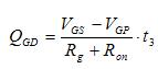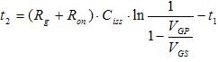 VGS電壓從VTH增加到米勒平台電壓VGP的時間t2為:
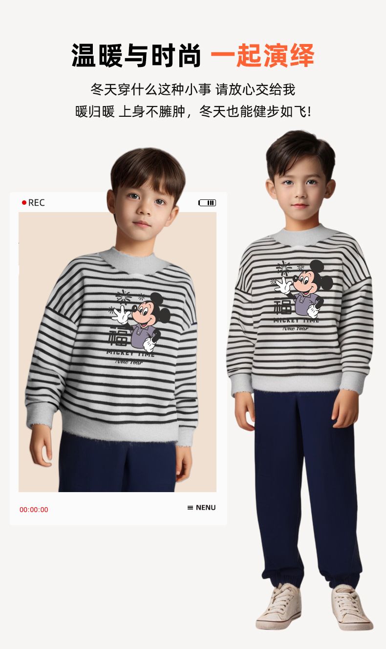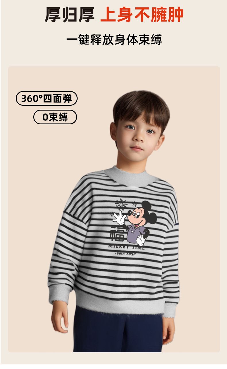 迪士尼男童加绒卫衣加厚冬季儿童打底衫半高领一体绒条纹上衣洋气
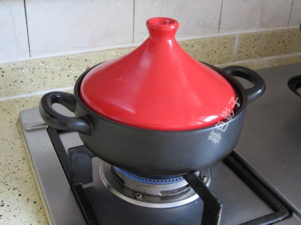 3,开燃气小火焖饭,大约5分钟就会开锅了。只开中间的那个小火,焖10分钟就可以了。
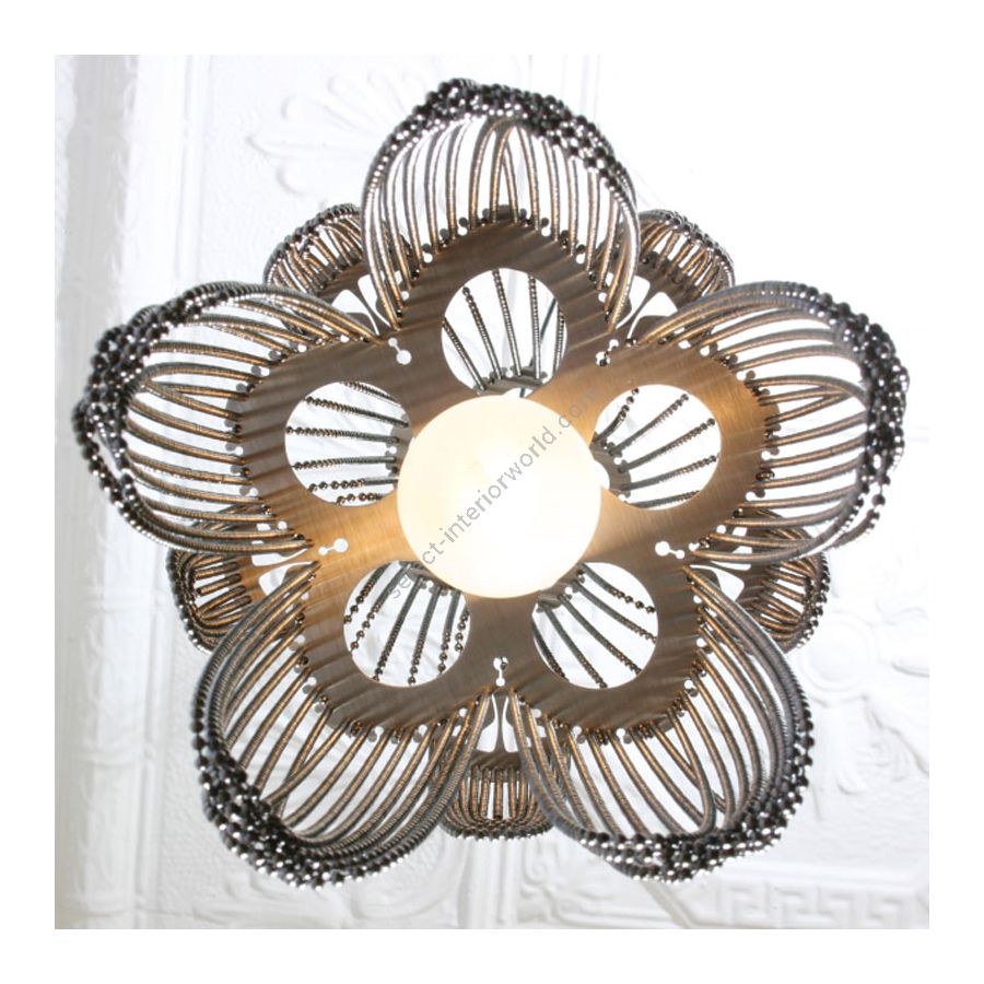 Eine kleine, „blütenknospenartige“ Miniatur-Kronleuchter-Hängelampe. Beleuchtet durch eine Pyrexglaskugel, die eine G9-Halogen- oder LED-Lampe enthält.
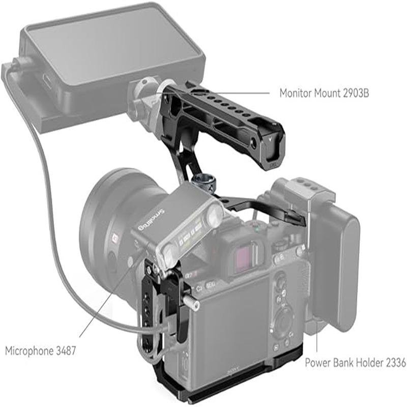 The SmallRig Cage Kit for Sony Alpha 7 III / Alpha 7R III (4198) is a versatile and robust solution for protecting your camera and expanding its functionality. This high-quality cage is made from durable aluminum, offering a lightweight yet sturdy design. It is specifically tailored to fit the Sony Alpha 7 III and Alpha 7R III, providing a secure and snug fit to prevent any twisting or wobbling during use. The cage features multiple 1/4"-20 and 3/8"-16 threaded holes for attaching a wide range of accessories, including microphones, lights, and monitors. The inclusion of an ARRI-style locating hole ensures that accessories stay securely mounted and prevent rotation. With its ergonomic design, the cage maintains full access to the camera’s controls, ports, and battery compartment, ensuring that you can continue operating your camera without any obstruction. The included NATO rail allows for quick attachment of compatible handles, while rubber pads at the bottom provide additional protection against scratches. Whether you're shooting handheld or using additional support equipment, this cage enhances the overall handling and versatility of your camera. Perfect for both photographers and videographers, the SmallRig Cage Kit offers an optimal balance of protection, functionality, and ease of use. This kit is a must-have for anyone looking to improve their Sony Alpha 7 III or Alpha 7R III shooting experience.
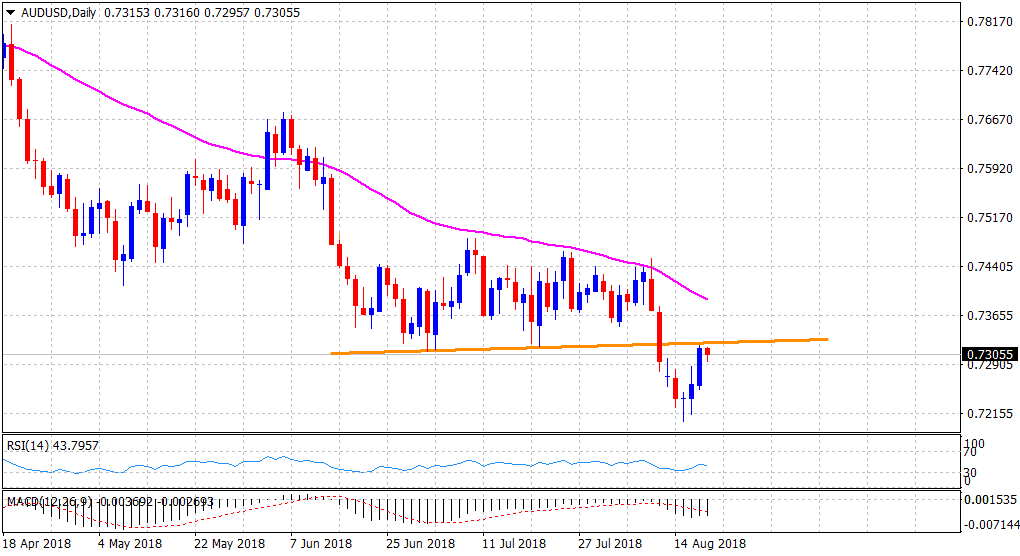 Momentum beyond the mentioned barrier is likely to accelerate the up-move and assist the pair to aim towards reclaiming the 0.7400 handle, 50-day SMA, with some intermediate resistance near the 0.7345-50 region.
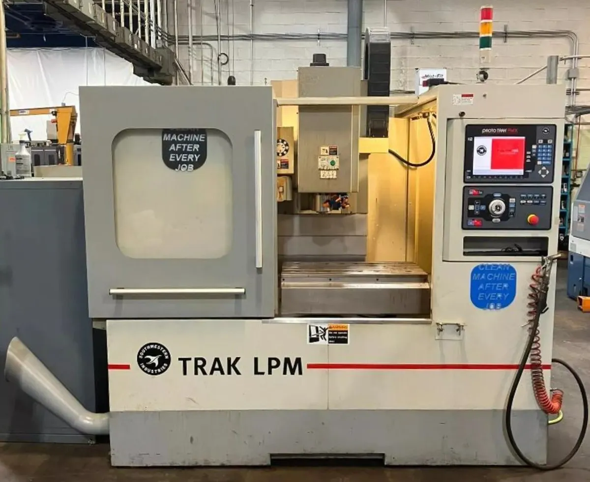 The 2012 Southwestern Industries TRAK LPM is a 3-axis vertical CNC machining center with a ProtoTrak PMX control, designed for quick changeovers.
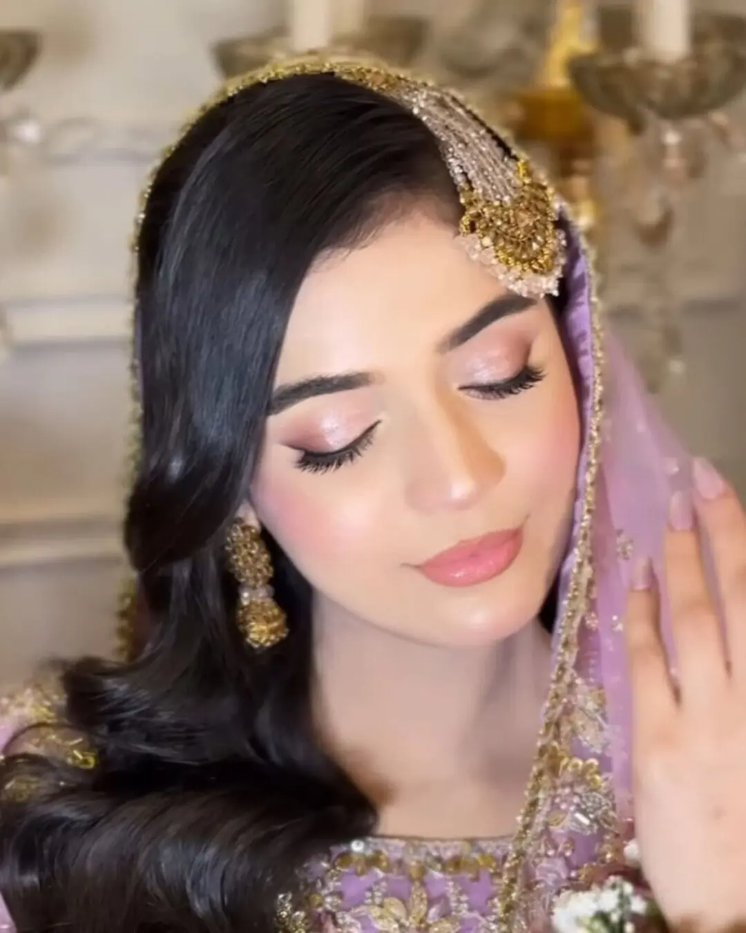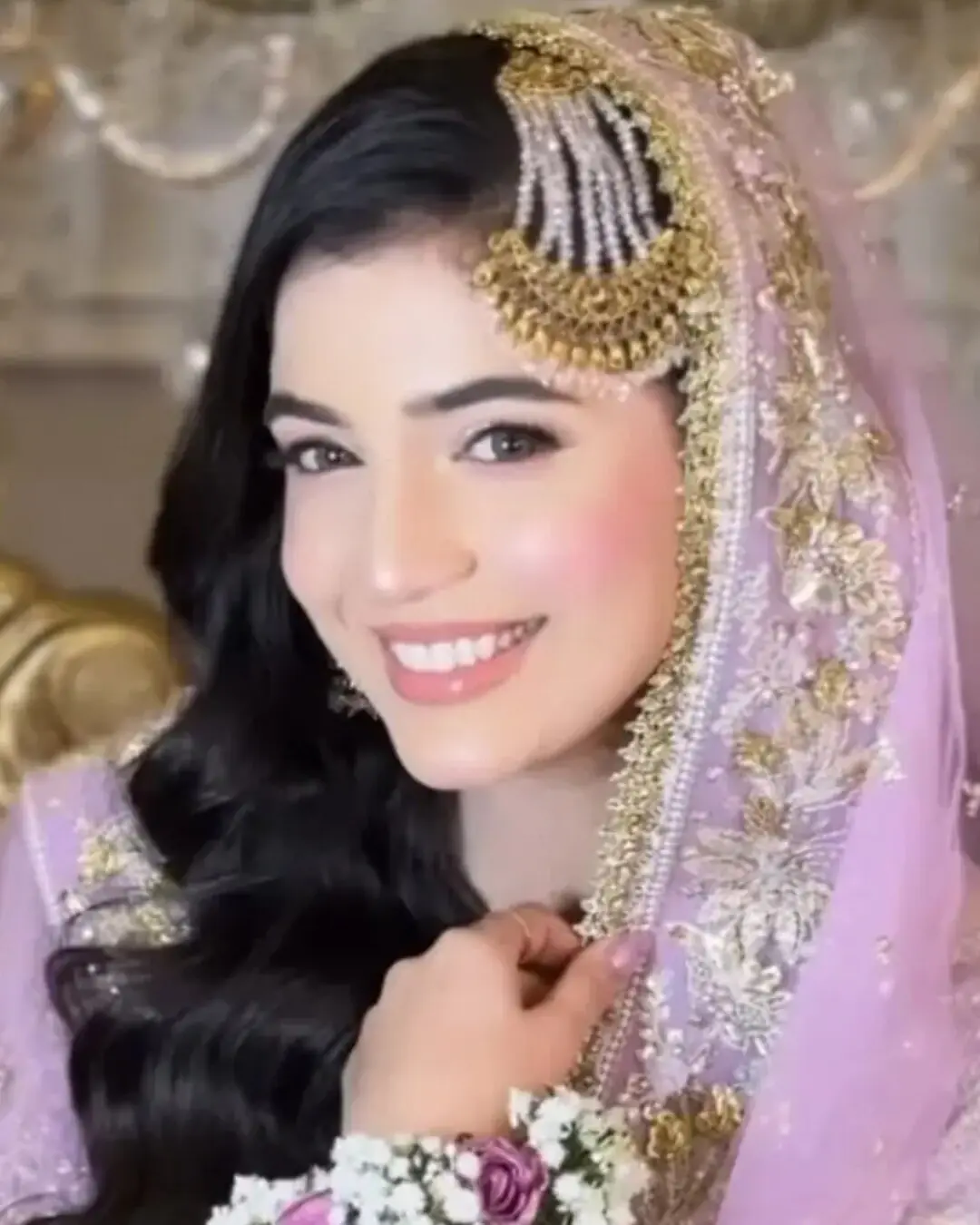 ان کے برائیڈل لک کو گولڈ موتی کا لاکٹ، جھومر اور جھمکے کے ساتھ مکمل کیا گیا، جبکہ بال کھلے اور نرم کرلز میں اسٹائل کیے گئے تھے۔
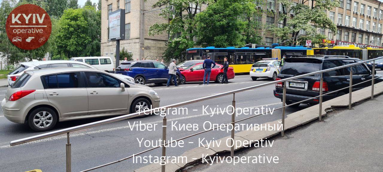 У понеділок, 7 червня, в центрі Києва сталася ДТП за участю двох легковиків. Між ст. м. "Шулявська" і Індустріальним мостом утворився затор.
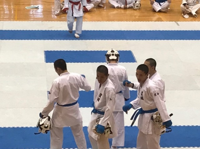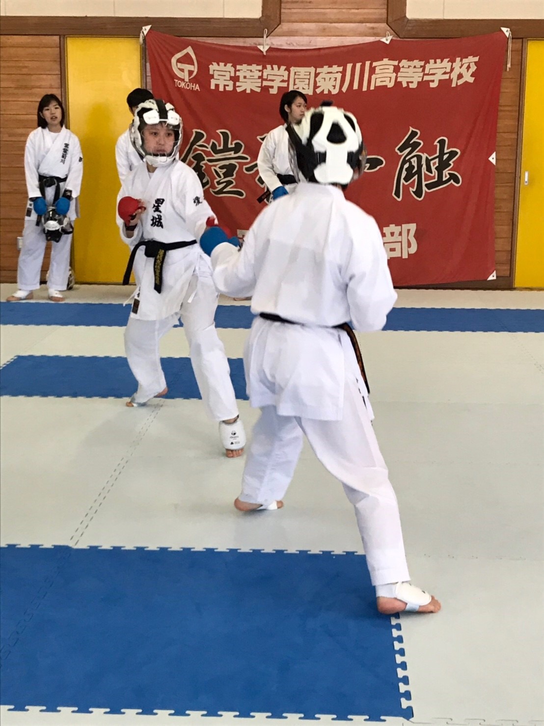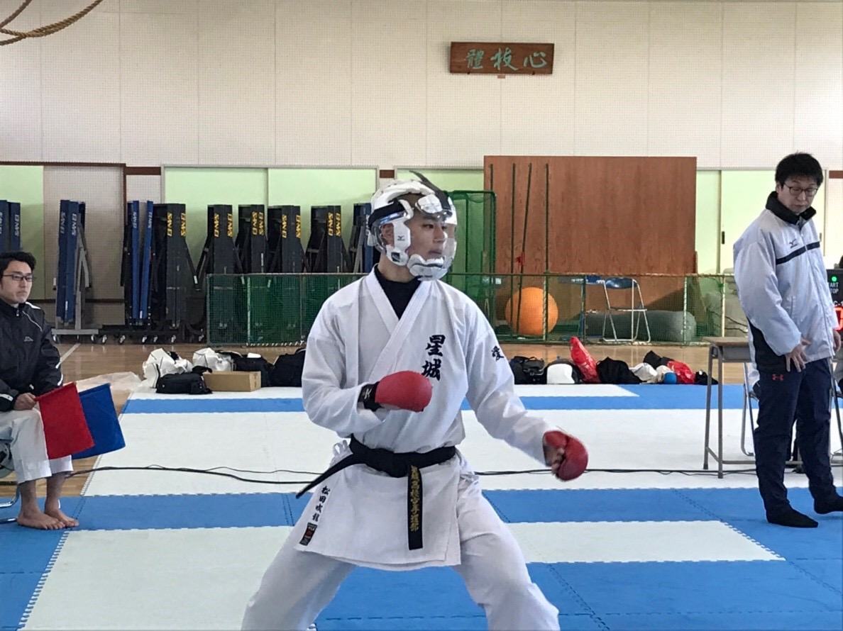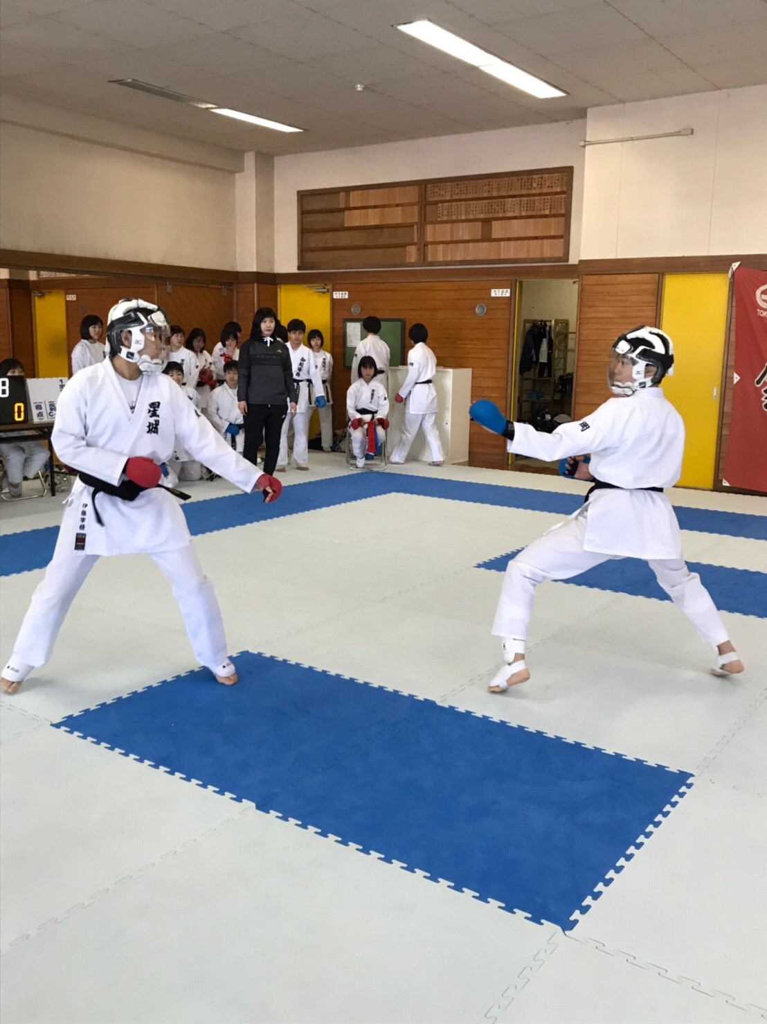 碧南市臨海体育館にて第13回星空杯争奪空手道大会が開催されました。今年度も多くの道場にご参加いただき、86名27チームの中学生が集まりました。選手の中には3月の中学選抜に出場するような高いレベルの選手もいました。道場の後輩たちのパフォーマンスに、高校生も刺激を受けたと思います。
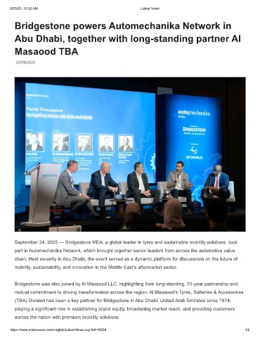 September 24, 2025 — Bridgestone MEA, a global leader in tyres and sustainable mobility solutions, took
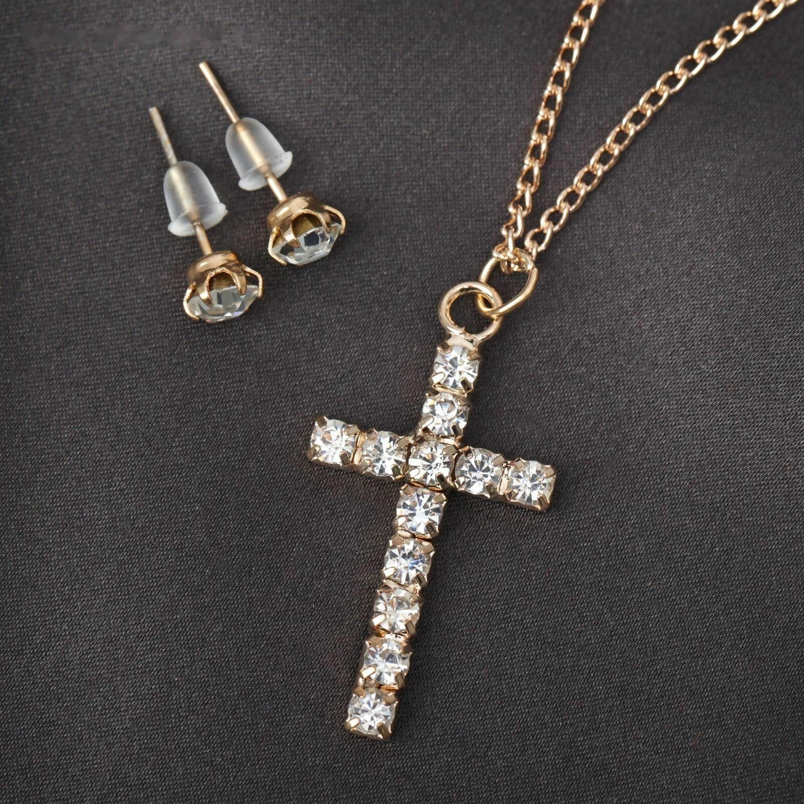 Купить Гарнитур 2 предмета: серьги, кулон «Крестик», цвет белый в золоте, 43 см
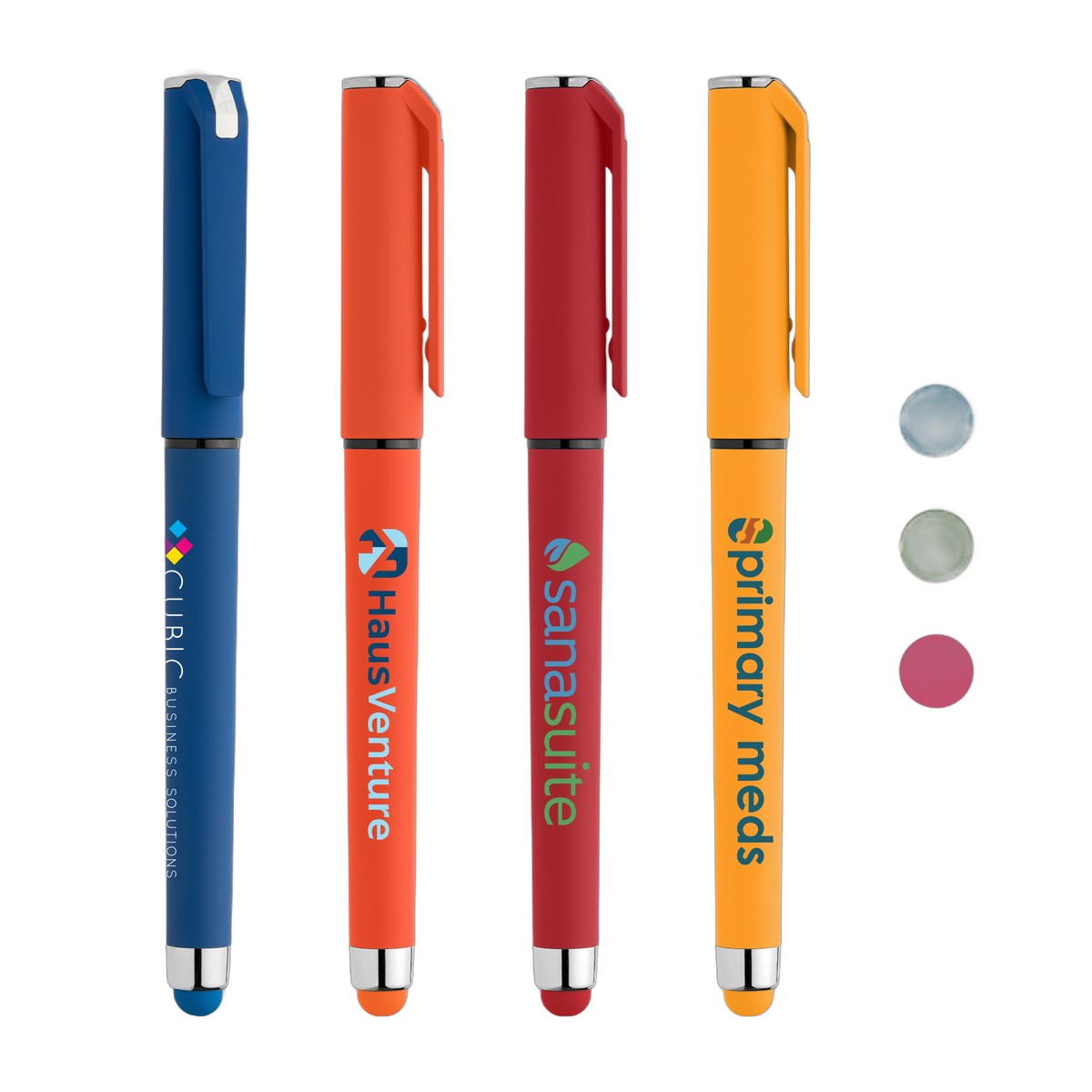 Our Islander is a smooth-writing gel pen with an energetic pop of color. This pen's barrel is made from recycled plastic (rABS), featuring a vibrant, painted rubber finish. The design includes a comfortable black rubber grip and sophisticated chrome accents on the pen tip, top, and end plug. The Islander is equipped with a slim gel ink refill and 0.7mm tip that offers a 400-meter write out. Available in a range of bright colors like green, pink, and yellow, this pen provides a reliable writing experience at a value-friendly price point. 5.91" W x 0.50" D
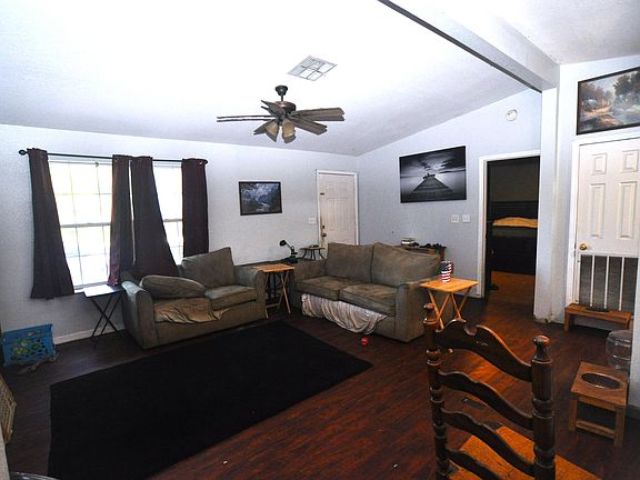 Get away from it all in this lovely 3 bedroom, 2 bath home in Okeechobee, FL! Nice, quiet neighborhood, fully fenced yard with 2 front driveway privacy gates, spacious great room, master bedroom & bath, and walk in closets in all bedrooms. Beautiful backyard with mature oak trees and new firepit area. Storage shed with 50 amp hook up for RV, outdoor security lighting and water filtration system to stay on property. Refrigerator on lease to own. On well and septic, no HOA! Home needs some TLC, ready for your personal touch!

+ + + + +

• **TASK**
Using the entries above, extract exactly the lines from the one that contains "迪士尼男童加绒卫衣加厚冬季儿童打底衫半高领一体绒条纹上衣洋气" through the one that contains "oder LED-Lampe enthält.". Do not carry over any pictures.

• **ANSWER TO THIS PROBLEM**
 迪士尼男童加绒卫衣加厚冬季儿童打底衫半高领一体绒条纹上衣洋气
 3,开燃气小火焖饭,大约5分钟就会开锅了。只开中间的那个小火,焖10分钟就可以了。
 Eine kleine, „blütenknospenartige“ Miniatur-Kronleuchter-Hängelampe. Beleuchtet durch eine Pyrexglaskugel, die eine G9-Halogen- oder LED-Lampe enthält.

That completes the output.